Re: PATCH: POSIX 1003.1b timer minor fixes

Albert D. Cahalan (acahalan@cs.uml.edu)
Thu, 29 Jul 1999 03:47:09 -0400 (EDT)


Robert de Vries writes:

> Let me illustrate with a small example of how I see the implementation in
> the C library of clock_gettime().
...
> int clock_gettime(clockid_t which_clock, struct timespec *current_time)
> {
> switch (which_clock) {
> case CLOCK_TSC:
> return tsc_gettime(current_time);
> default:
> return sys_clock_gettime(which_clock,
> current_time);
> }
> }

I suppose nobody wants to hear this right now, but...

It appears that you expect the kernel to accept a pointer to a timespec
struct. Why? You can't sanely work with data in that format.

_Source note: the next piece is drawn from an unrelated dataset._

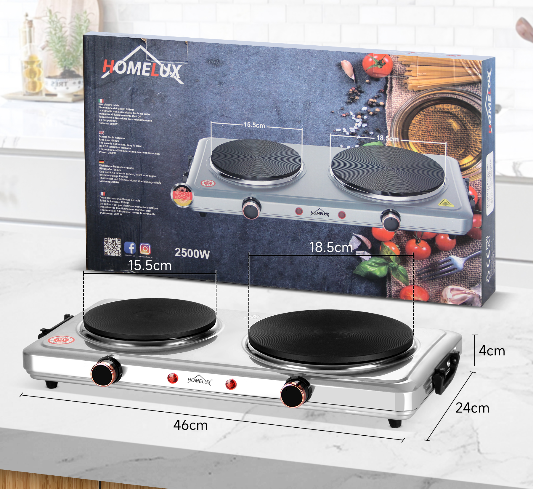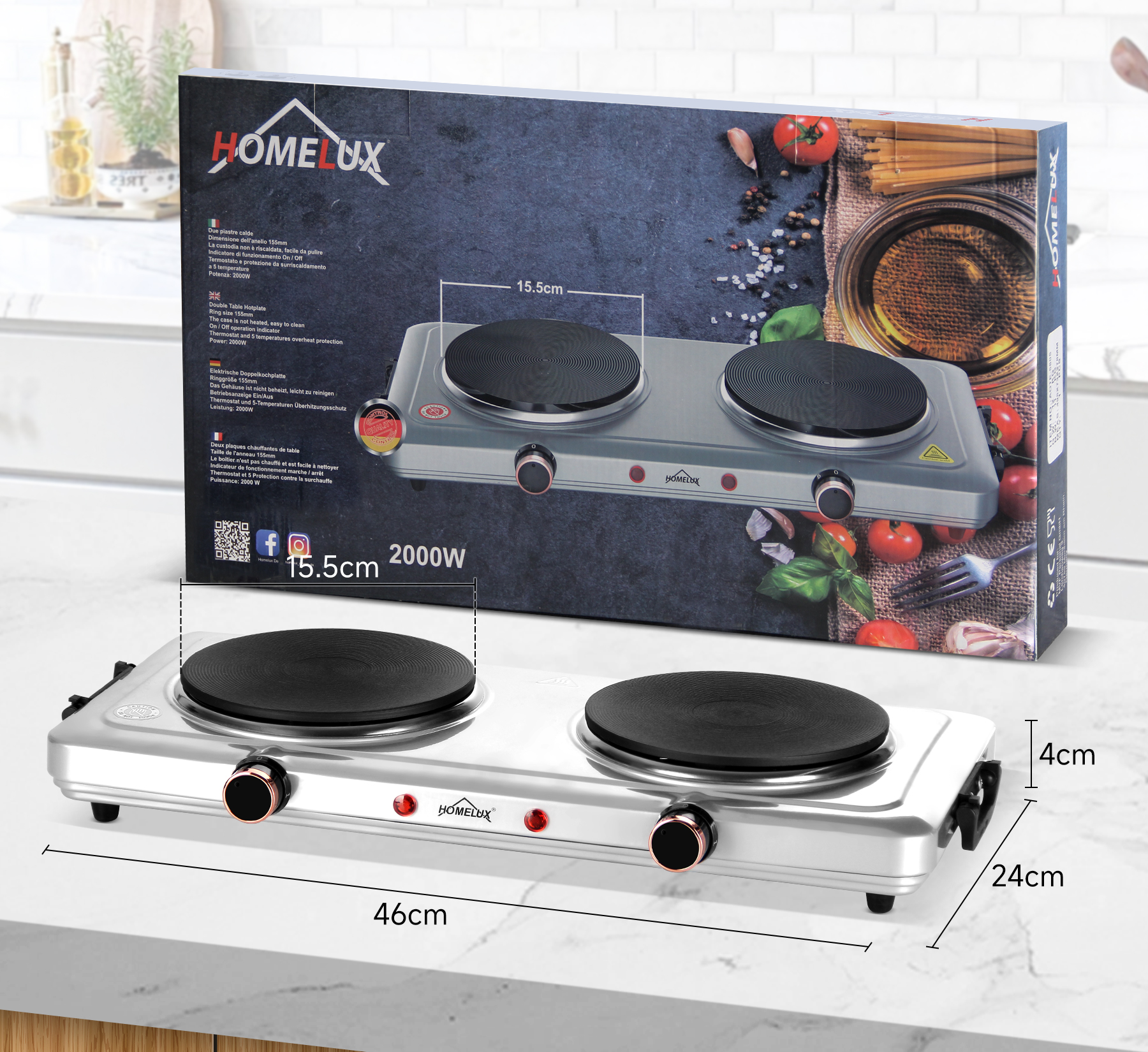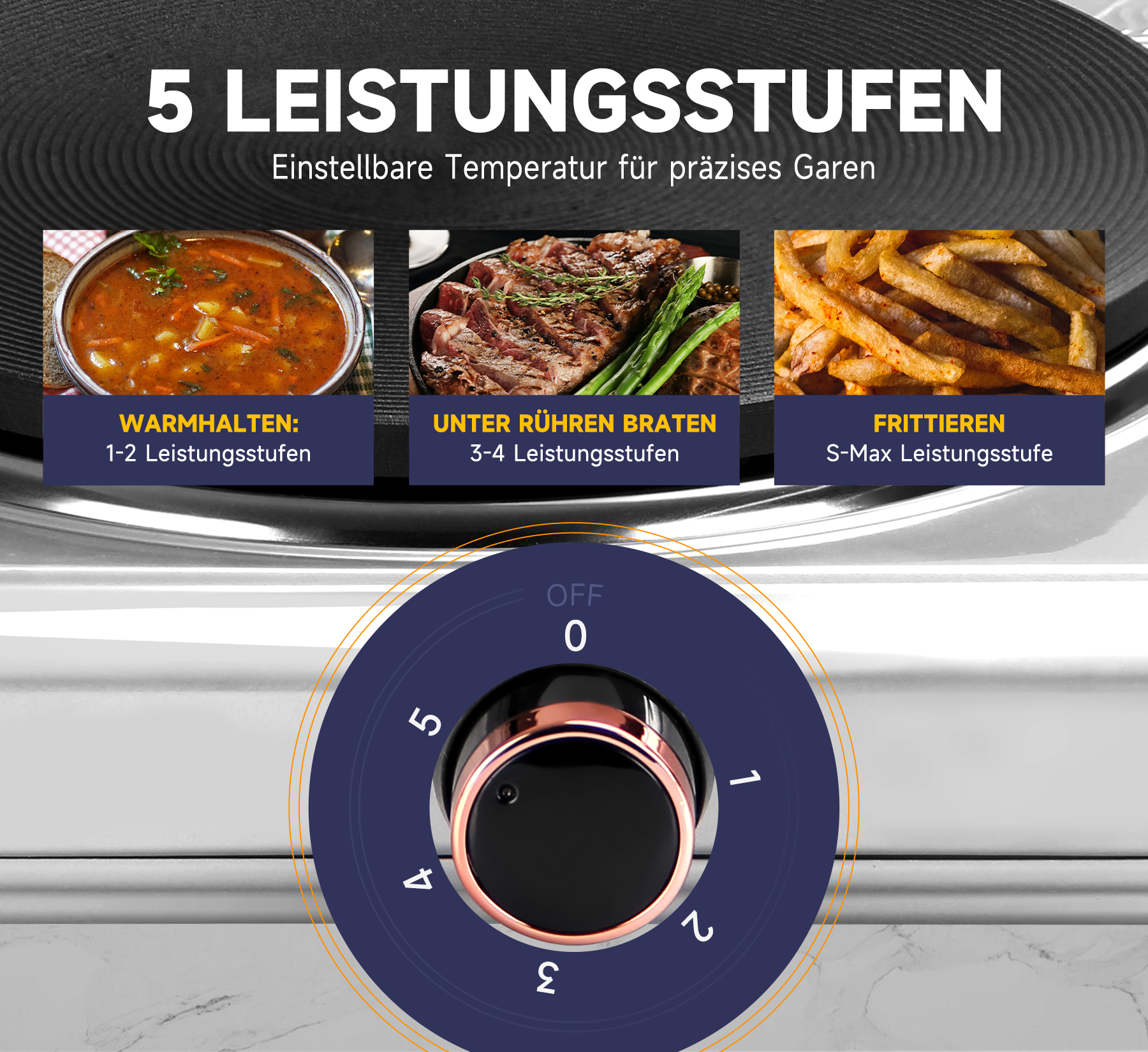 Mit einer kombinierten Wattzahl von 1000 W + 1000 W, zwei Kochplatten und individuellen Temperaturreglern können köstliche Mahlzeiten gleichzeitig zubereitet werden. Mit dem variablen Temperaturregler können Sie schnell die gewünschte Hitzeeinstellung LOW, MEDIUM oder HIGH erreichen und beibehalten, um Speisen warm zu halten oder heißes Wasser zu kochen.

The kernel is supposed to be light, fast, simple, etc.
One generally puts crufty API junk in the C library.
With the cruft in the kernel, we get bloat for everyone
and not even a way to bypass it.

Plain 64-bit nanoseconds are nice and simple. Alpha and sparc64 systems
can do very fast operations on such a data type, and intel junk won't
do too badly with recent compilers.

Plain 64-bit values at hardware resolution are also OK. They let
you push some multiplication and/or division out into userspace,
but you pay a bit in other places.

Simple fundamental features are often better. The kernel needs to
support POSIX, Java, and various emulators. Aside from a few missing
bits, clone() is an example of a good system call. You can support
many different kinds of threads on top of one clean system call.
Time functions ought to be as clean.

Well, I hope that didn't annoy anyone too much. We are still in
early 2.3.xx, so now is a good time for change.